I miss you, Tot. Can you believe it? Yours is the voice in my head, haunting my dreams, pushing me forward.

I’m in a casting office now. Sweating my balls off, waiting for them to call my name. I’m reaching for the stars, Delilah.

I hear you smirking, that sugar and arsenic-laced voice of yours saying, “Of course you’d have to try to become famous, Macon Saint. You always did like attention on you.”

How well you knew me. And how little you knew me.

I did want attention. But only yours. I have no idea why since, whenever I eventually got it, I’d act like a foolish shit.

Truth is, I’d rather be someone other than me. I want the fantasy instead of reality. So I’ll act. I’ll say words that are not mine and breathe easier while living in someone else’s skin.

How can I not want it? “We are such stuff as dreams are made on” and all that crap.

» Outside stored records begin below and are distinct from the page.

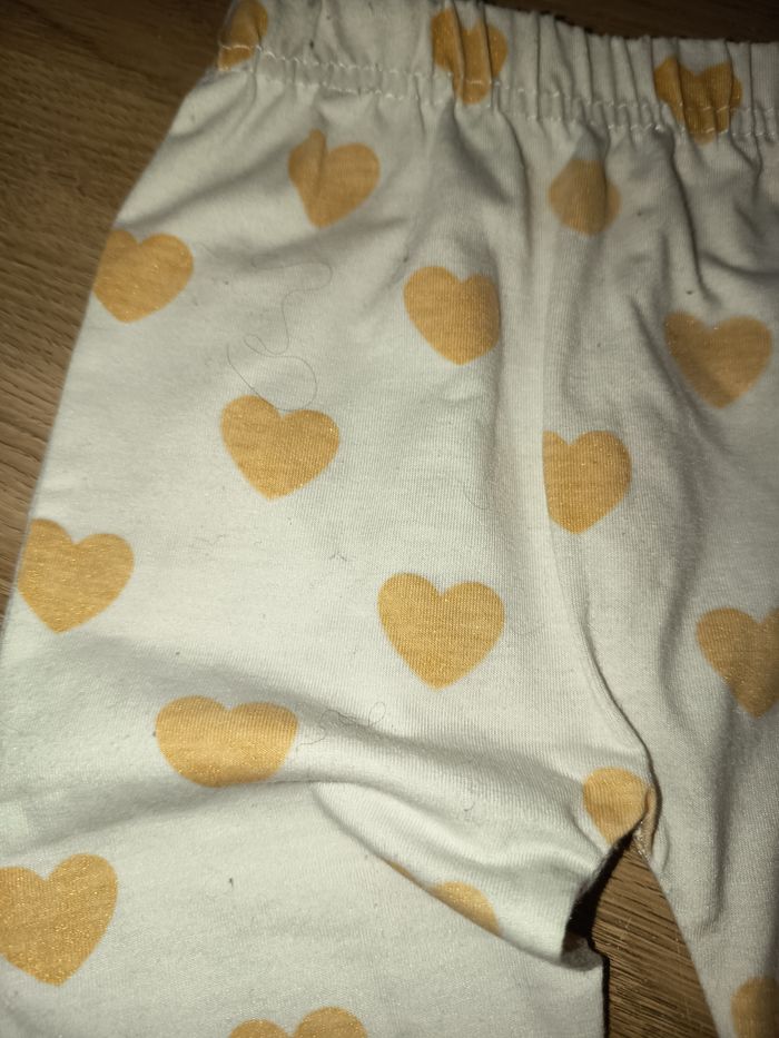 Legging blanc à motifs coeurs dorés Taille élastique 9 mois #legging #legginglong #blanc #dore #coeur #9mois #marylene025fille9mois
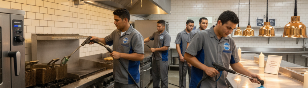 Their clients include independent restaurants, hotel kitchens, school cafeterias, and similar facilities. Their teams arrive with certified equipment and documentation to support compliance during inspections.
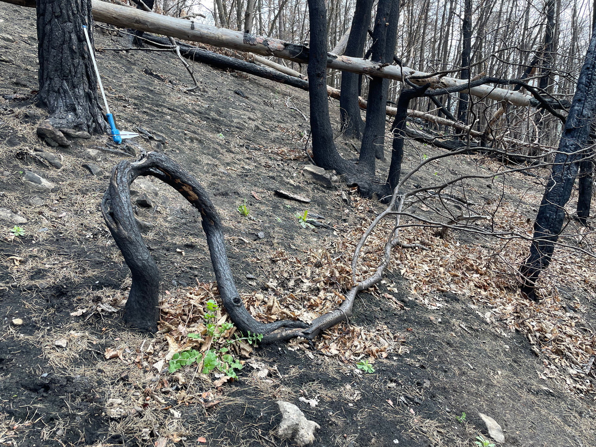 Aufgrund der Siedlungs- und Wegenähe des Brandherds ist weiterhin von einem menschlichen Verschulden als Ursache des Waldbrands auszugehen. Die Hitze und die trockene Witterung haben seine Entstehung und Ausbreitung begünstigt. Die Frage nach einer Schädigung des Bestandes ist zu bejahen. Lediglich 40% der Bäume konnten den Brand überleben. Besonders betroffen wurden dünnborkige Bäume. Stockausschlagfähige Baumarten zeigten eine signifikant höhere Fähigkeit zur Kompensation der Schädigung, indem sie nach dem Ausfall neu austreiben konnten. Von 132 Kiefern überlebten lediglich fünf ungeringelte Exemplare den Brand. Auch die Frage nach einem ökonomischen Schaden ist mit Ja zu beantworten. Es gingen nicht nur fast 28.000 € Waldwert verloren, sondern zur Löschung des Brandes entstanden geschätzte Kosten im sechsstelligen Bereich.
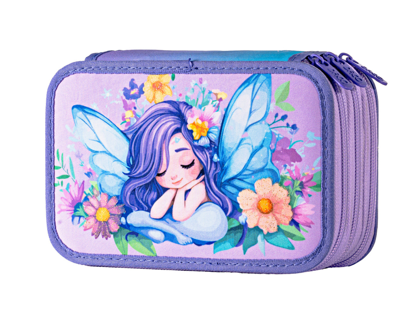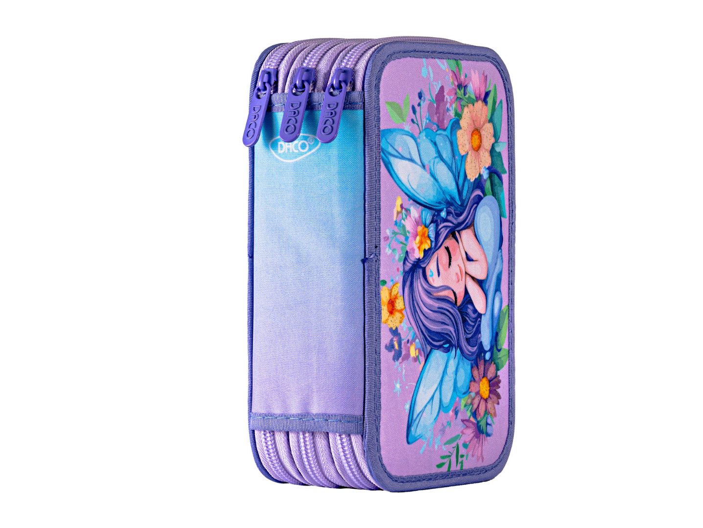 Penar școlar triplu DACO – model zâna florilor, neechipat, 3 compartimente, mov/lila

I’m shaking now, Tot. Nearly sick with anticipation and worry that they’ll see right through me, straight into my rotten core. But I have you to bolster me. I’ll go in there and pretend it’s you I’m talking to. It will be easy then, thumbing my nose at your skepticism, proving to myself and you that I’m not a worthless soul as you once so aptly put.

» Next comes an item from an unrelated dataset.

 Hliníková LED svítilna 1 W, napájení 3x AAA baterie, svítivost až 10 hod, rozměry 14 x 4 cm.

Your hate gives me strength.

I’m probably a selfish fuck for feeling that. No, I know I am. But it’s true.

Fuck, I miss you. Why? Why do I miss you so much?

You’ll never answer because there’s no way in hell I’m sending this.

But I do.

I

Miss

You

Delilah

Ann

Baker

My little

Hot

Tater

Tot—

I choke out a laugh. Irritating and boorish man. Oddly sweet man. His hastily scrawled words send tingling warmth over my breasts and up my thighs. Shaking my head, I spy the bold slashes of his next letter, the handwriting bigger than usual, taking up more space on the page.

Behold! I am Arasmus, bastard son of Jon’ash, brother of King Ulser of the Braxtons.

I have been exiled to the Sorrow Lands, forced to fight for my food, my shelter, my existence. Until . . .

Well, production hasn’t let me in on the rest. I’m sure it will be epic and angst-filled, and if my character manages to live through this season it will be a fucking miracle. If you’ve read any of the Dark Castle books, you’ll notice heads have a way of separating from key characters’ necks. We’re not following the books to the letter, so I’m not certain of Arsamus’s fate.

Makes my neck hurt just thinking about it, though.

But for now? I party.

Or I will tonight.

At the moment, I’m in my car, writing in this damn notebook I still have in the glove compartment.

Writing to tell you that I hate you once more.

I hate you, Delilah Ann Baker, cold and cruel Tater Tot.

I hate that I just got the call from my agent, telling me that, yes, I . . . Macon Saint, a virtual nobody in Hollywood, landed the coveted role of Arasmus in Dark Castle . . . the most anticipated series to come to cable in decades, and who do I immediately want to tell?